▶ Problem details:
Take the lines below from the one with "注意:扫描FNSKU需校验FNSKU是否存在于当前调拨单且此FNSKU装箱量。" through the one with "- 21 jun 2025" and retype them exactly. Include nothing else, and no pictures.

▶ Exercise inputs:
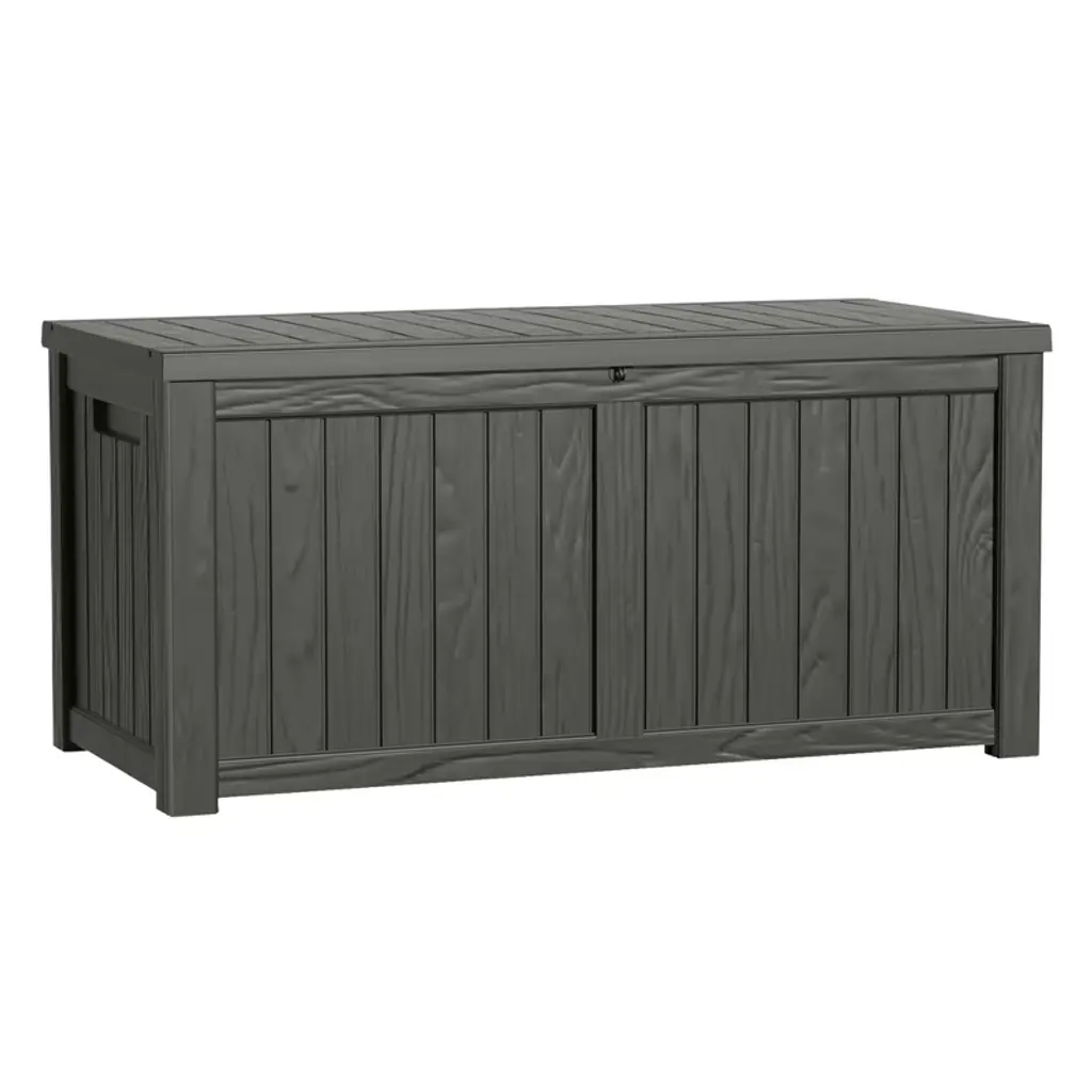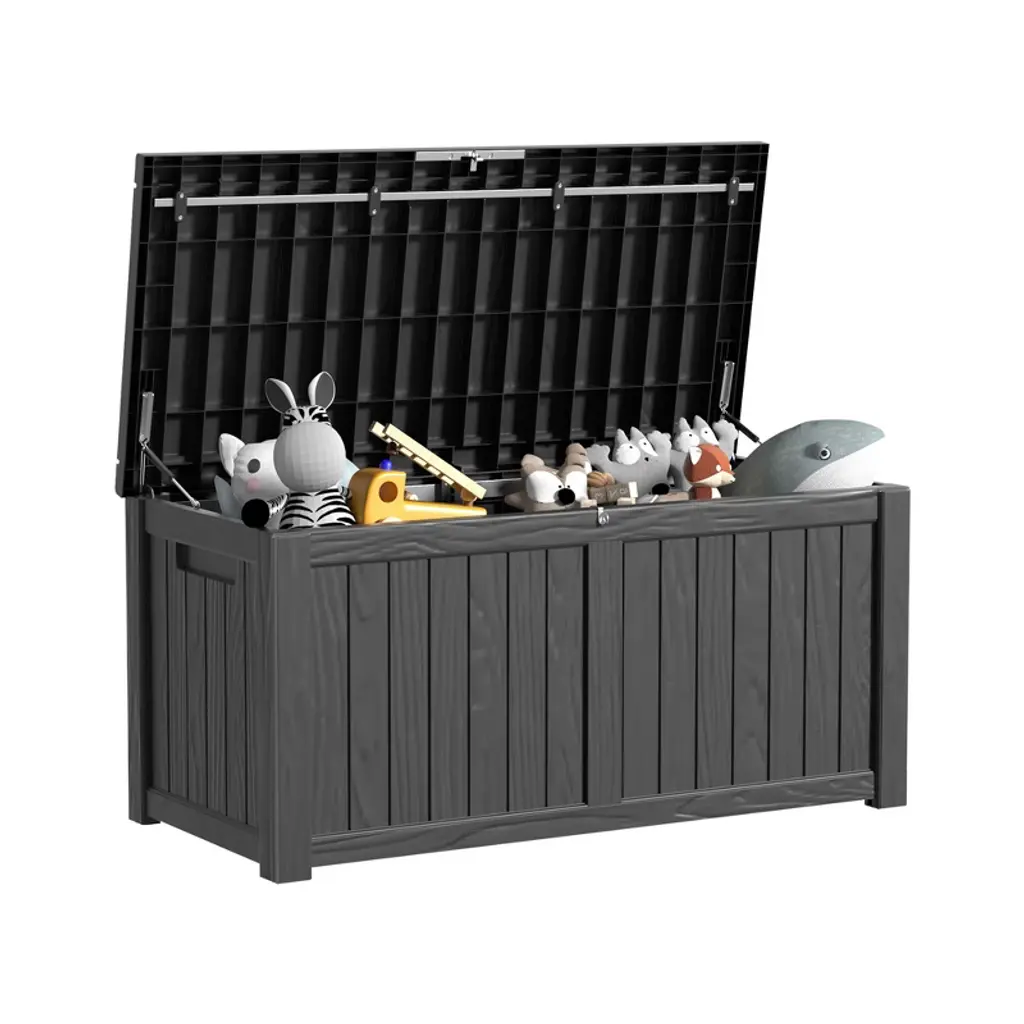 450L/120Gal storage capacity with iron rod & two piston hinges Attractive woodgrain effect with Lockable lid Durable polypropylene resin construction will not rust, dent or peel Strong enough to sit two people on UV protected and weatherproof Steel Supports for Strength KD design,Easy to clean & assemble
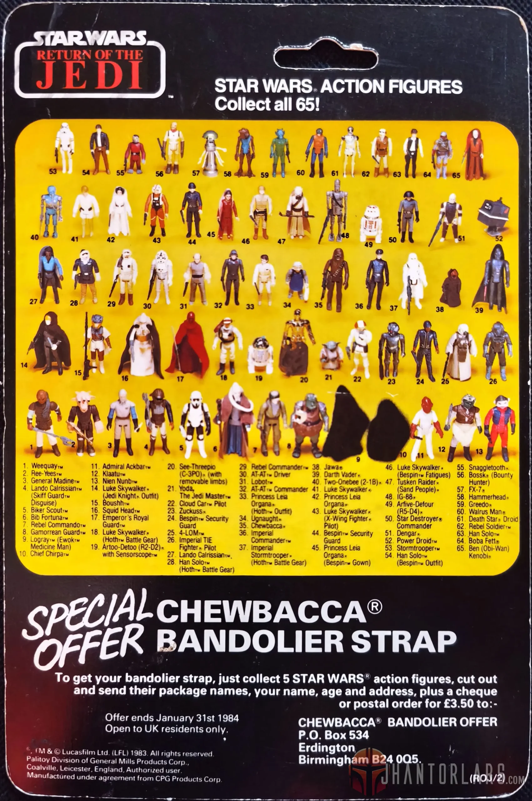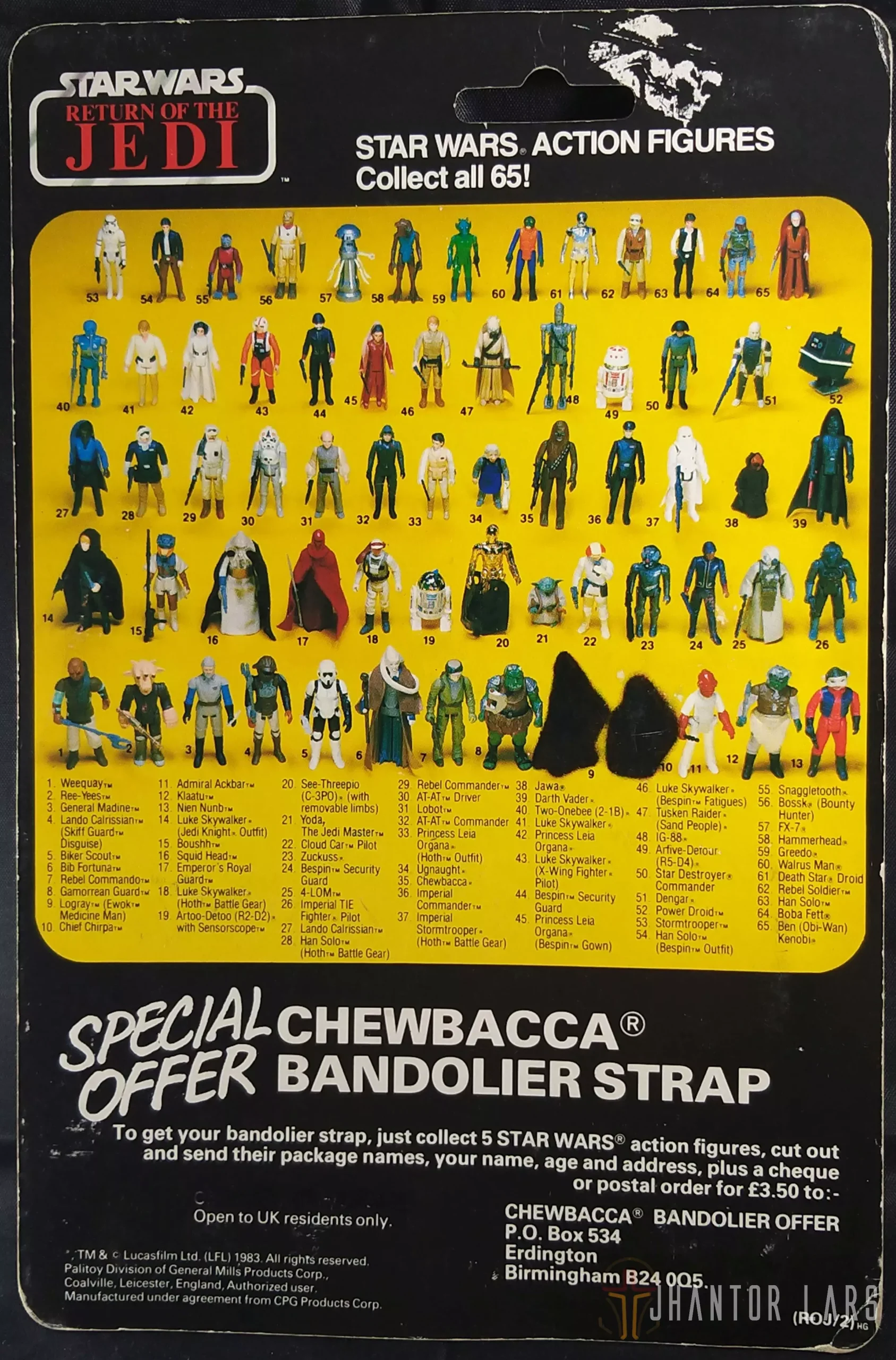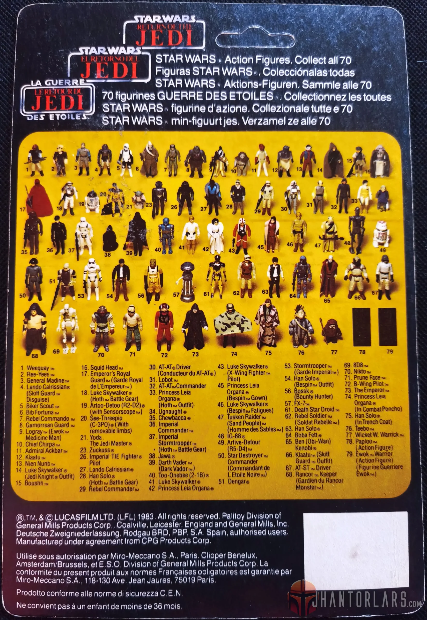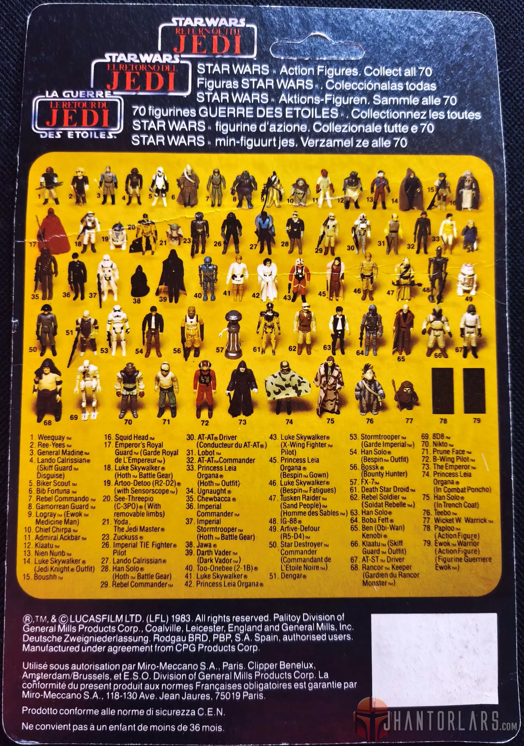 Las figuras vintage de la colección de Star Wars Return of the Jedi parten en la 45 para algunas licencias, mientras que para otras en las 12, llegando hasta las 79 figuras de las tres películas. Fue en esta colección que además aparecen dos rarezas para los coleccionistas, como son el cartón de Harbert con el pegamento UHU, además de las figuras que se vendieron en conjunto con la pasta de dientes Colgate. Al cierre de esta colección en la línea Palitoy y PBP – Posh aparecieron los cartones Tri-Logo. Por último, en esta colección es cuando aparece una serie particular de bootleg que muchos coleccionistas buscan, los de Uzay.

==

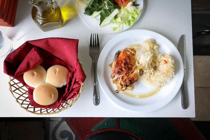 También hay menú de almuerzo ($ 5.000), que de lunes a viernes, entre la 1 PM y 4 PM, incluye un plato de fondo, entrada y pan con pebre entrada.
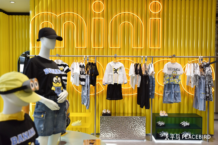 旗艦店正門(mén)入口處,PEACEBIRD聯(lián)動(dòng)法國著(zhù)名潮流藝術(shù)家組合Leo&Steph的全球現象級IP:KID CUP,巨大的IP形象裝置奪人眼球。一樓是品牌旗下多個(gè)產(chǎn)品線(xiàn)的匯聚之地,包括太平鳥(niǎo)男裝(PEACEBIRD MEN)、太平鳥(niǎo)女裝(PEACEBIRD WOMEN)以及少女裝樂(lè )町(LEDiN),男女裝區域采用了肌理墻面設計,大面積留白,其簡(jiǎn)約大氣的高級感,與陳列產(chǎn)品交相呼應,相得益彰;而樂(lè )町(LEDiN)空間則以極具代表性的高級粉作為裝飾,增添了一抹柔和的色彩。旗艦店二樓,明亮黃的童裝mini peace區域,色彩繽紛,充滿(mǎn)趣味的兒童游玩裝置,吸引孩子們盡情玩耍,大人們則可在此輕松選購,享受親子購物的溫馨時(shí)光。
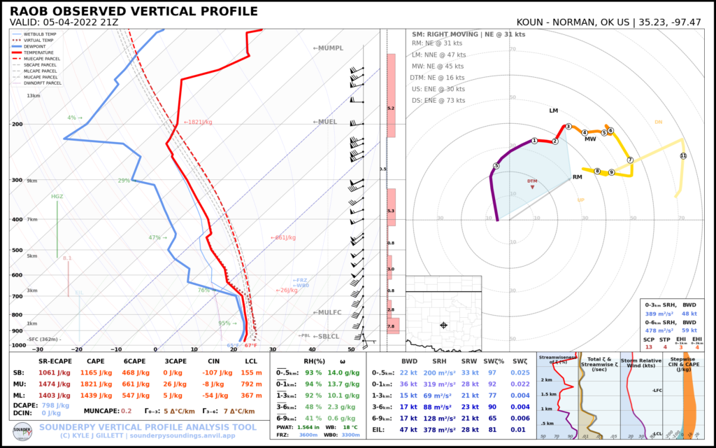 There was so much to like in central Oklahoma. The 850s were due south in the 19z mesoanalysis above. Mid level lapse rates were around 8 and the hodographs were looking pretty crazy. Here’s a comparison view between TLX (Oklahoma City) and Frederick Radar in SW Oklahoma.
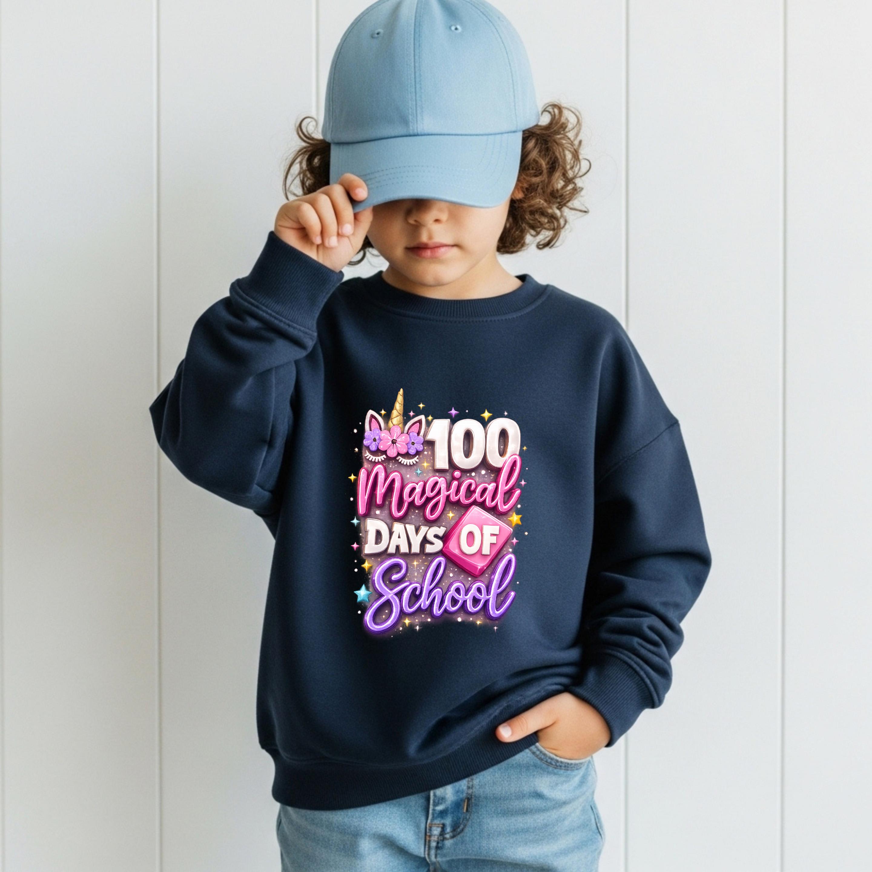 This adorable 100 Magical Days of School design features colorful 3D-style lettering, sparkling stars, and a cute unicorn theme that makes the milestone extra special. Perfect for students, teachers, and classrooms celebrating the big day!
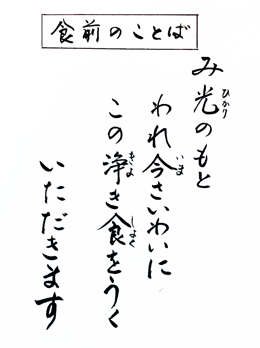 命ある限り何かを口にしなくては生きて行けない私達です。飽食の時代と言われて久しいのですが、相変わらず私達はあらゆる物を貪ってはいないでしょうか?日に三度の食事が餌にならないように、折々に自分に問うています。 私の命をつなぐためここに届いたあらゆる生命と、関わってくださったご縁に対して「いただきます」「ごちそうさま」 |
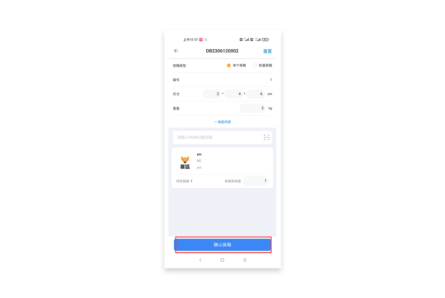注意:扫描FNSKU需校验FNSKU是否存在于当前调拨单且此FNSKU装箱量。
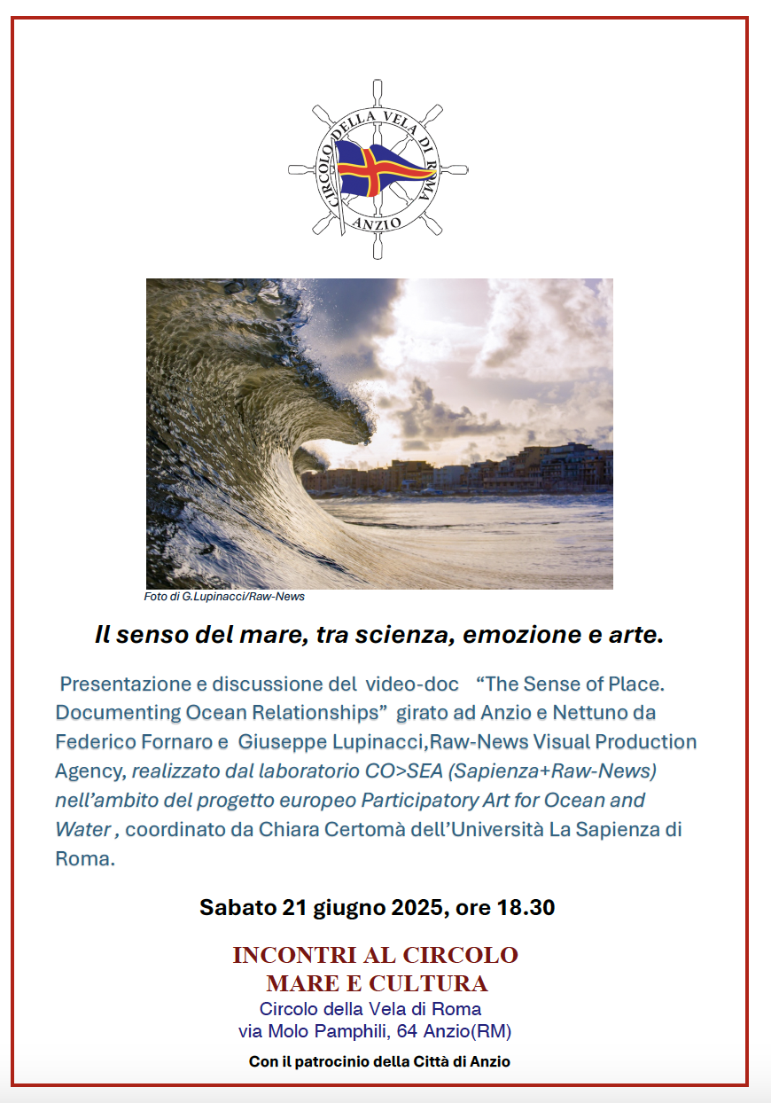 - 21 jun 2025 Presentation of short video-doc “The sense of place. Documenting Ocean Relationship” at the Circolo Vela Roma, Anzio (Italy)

▶ The completed task:
注意:扫描FNSKU需校验FNSKU是否存在于当前调拨单且此FNSKU装箱量。
 - 21 jun 2025 Presentation of short video-doc “The sense of place. Documenting Ocean Relationship” at the Circolo Vela Roma, Anzio (Italy)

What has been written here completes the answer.